There are a few exceptions, though. One is the framework I’ve been using for my trivial web application. It’s called Sinatra, and is not much more than a thin layer of syntactic sugar sprinkled on top of HTTP.

I don’t need widgets or a sophisticated templating system, as the look and feel has been supplied to me by the corporate web design team. I don’t even need a database, because my application just needs to pull data from one system and push/pull it with another, via REST APIs. The Ruby rest-client Gem makes that easy; it basically does for REST calls what Sinatra does for HTTP servers. So Sinatra gets the job done. Rails is a faster way to get CRUD apps started, but if you have a problem that isn’t CRUD, I’d suggest checking out Sinatra.

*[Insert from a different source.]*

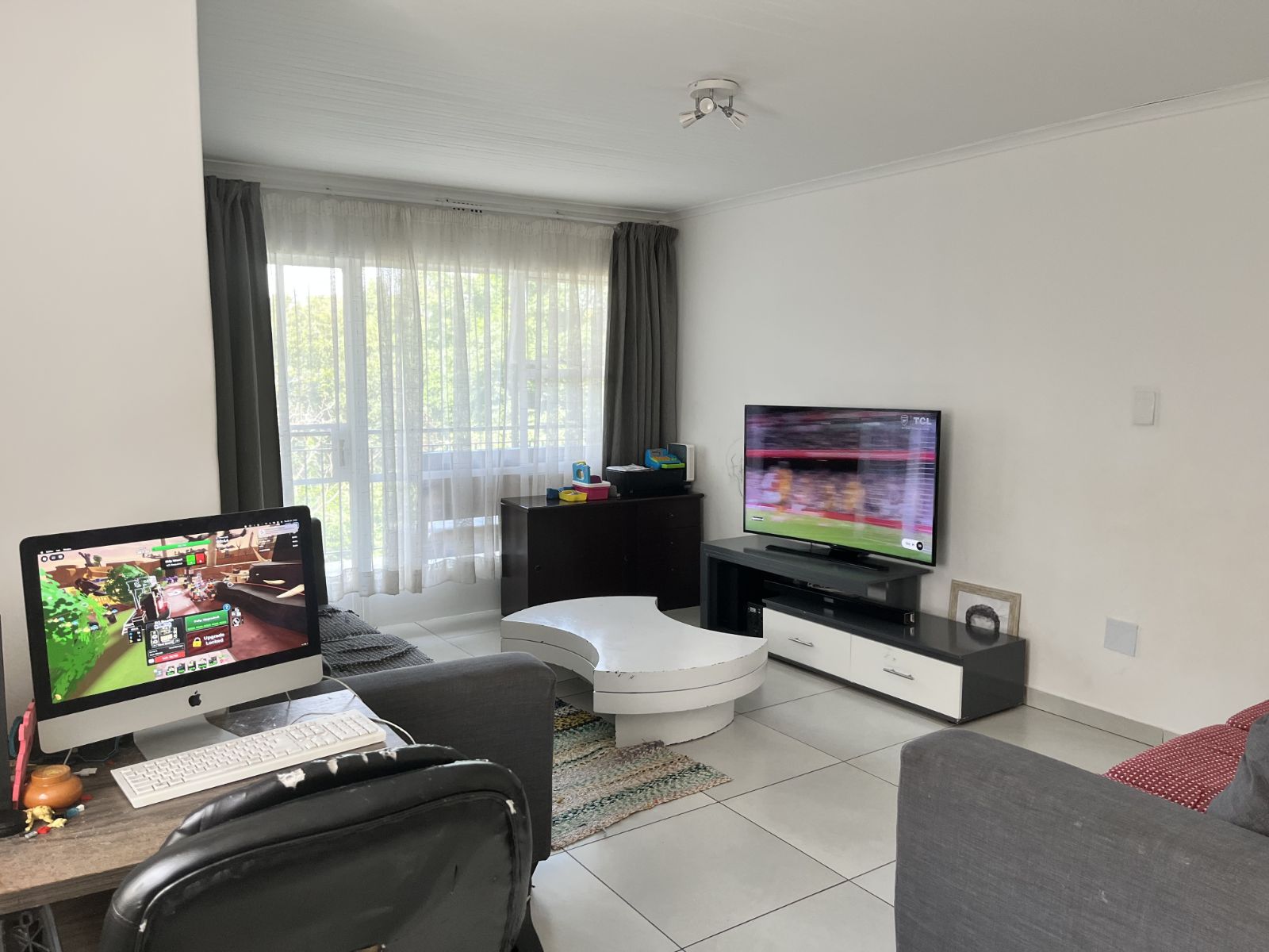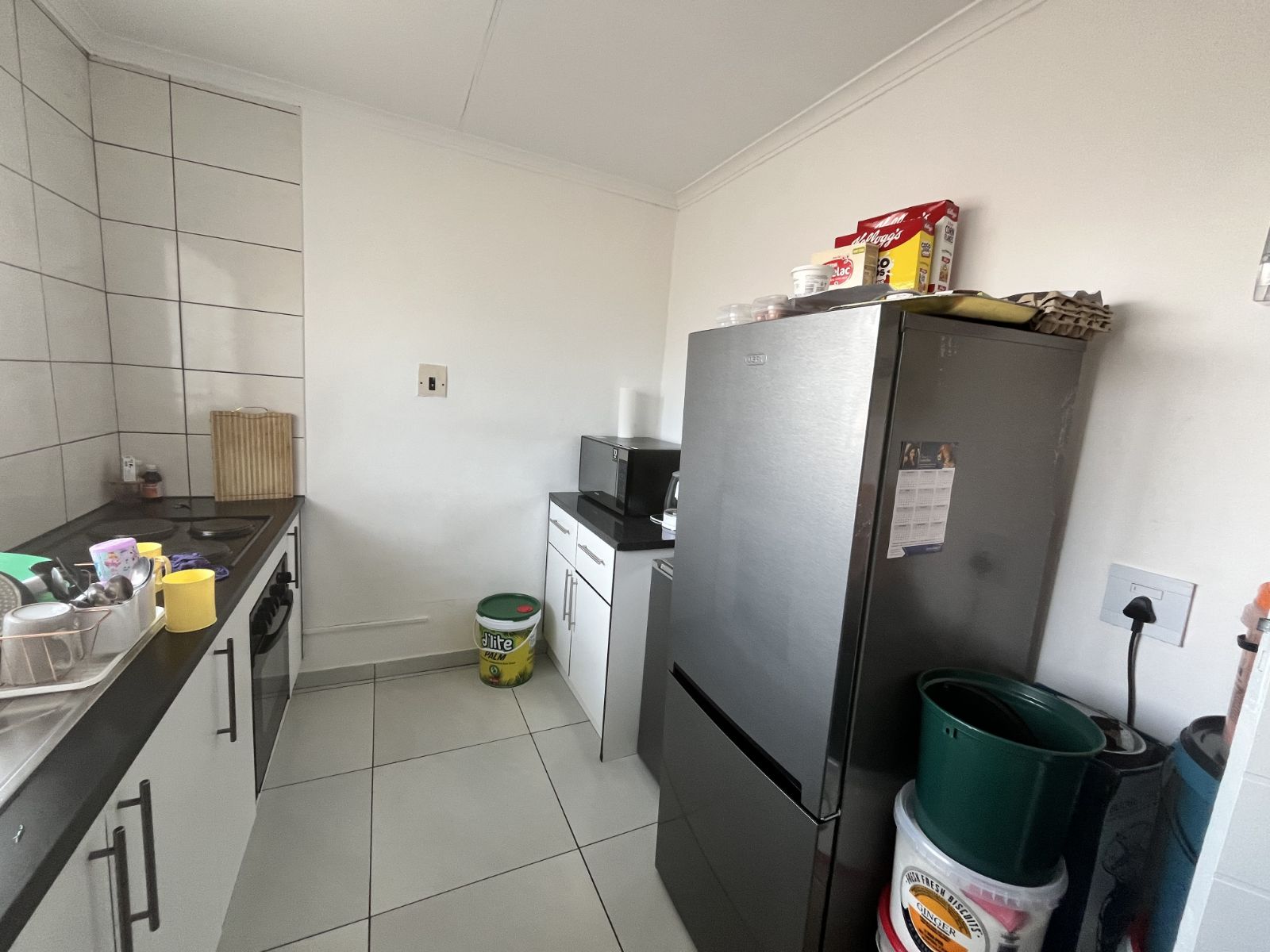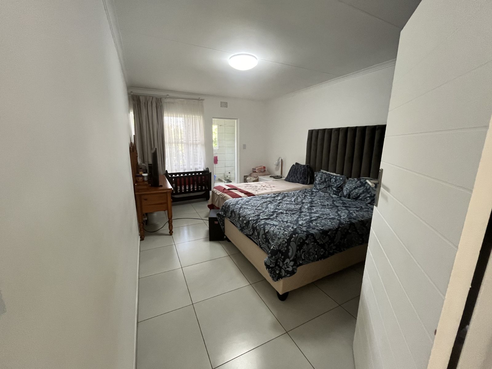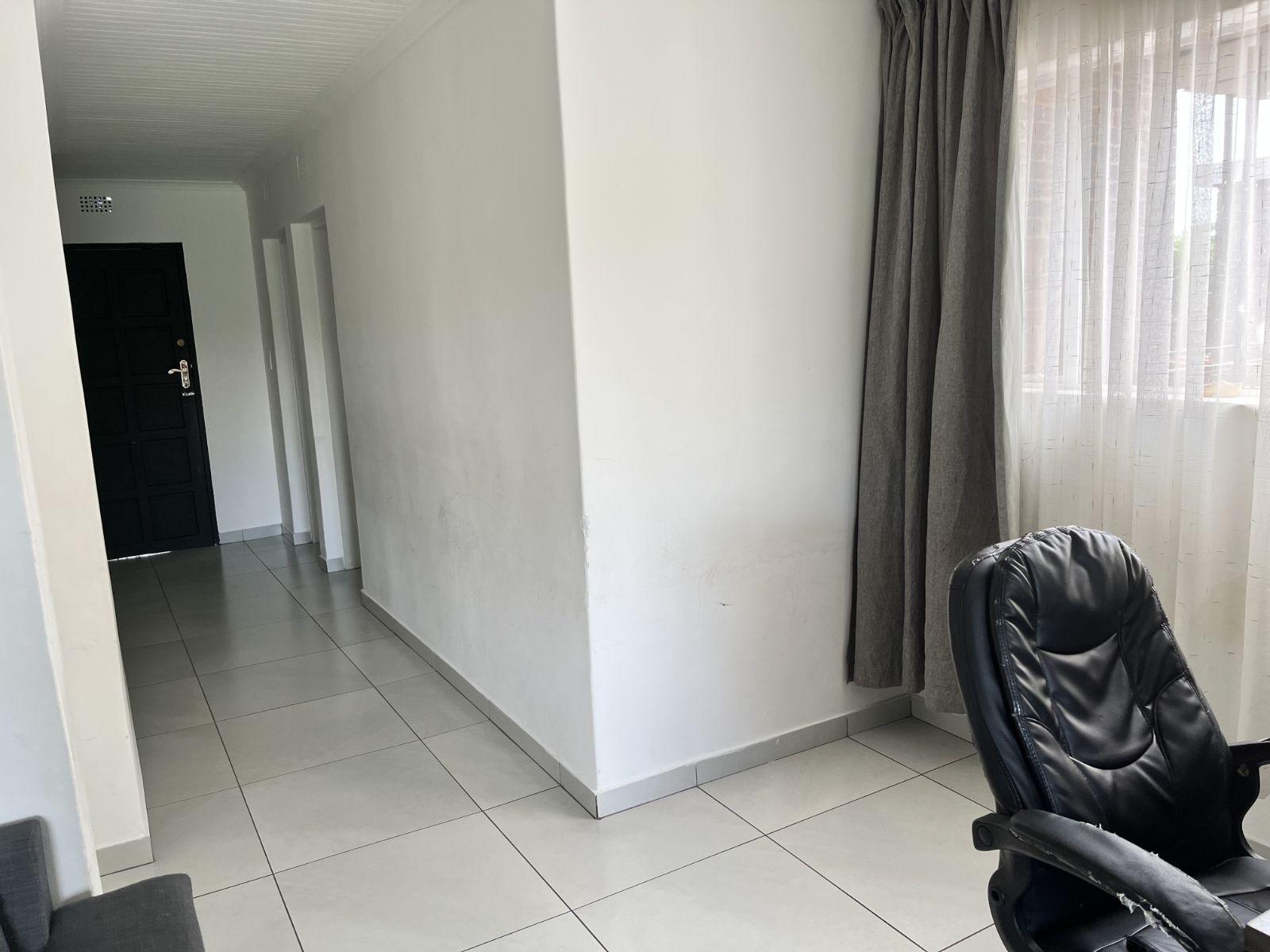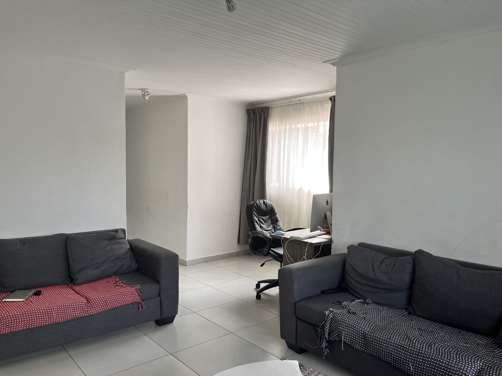 The open-plan lounge and dining area is bright and welcoming, flowing seamlessly onto a well-maintained kitchen with ample cupboard space. Large windows allow for plenty of natural light, creating a warm and airy atmosphere throughout the home.

Ruby tends to lend itself to these kinds of domain-specific languages. For instance, here’s a function which implements locking using a temporary lock file and the POSIX flock call, to ensure exclusive access between multiple processes:

LOCK_FILE='/tmp/lockfile.tmp'

def exclusively
  File.open(LOCK_FILE, File::CREAT|File::RDWR, 0644) do |file|
    file.flock(File::LOCK_EX)
    yield
    file.flock(File::LOCK_UN)
  end
end

You can then put a lock around some access to a resource like this:

puts "Entering exclusivity zone..."
exclusively do
  puts "I'm in!"
  sleep 20 # simulate access to slow resource
  puts "Exiting exclusivity zone..."
end

For more elaborate lock file requirements, there’s the lockfile gem.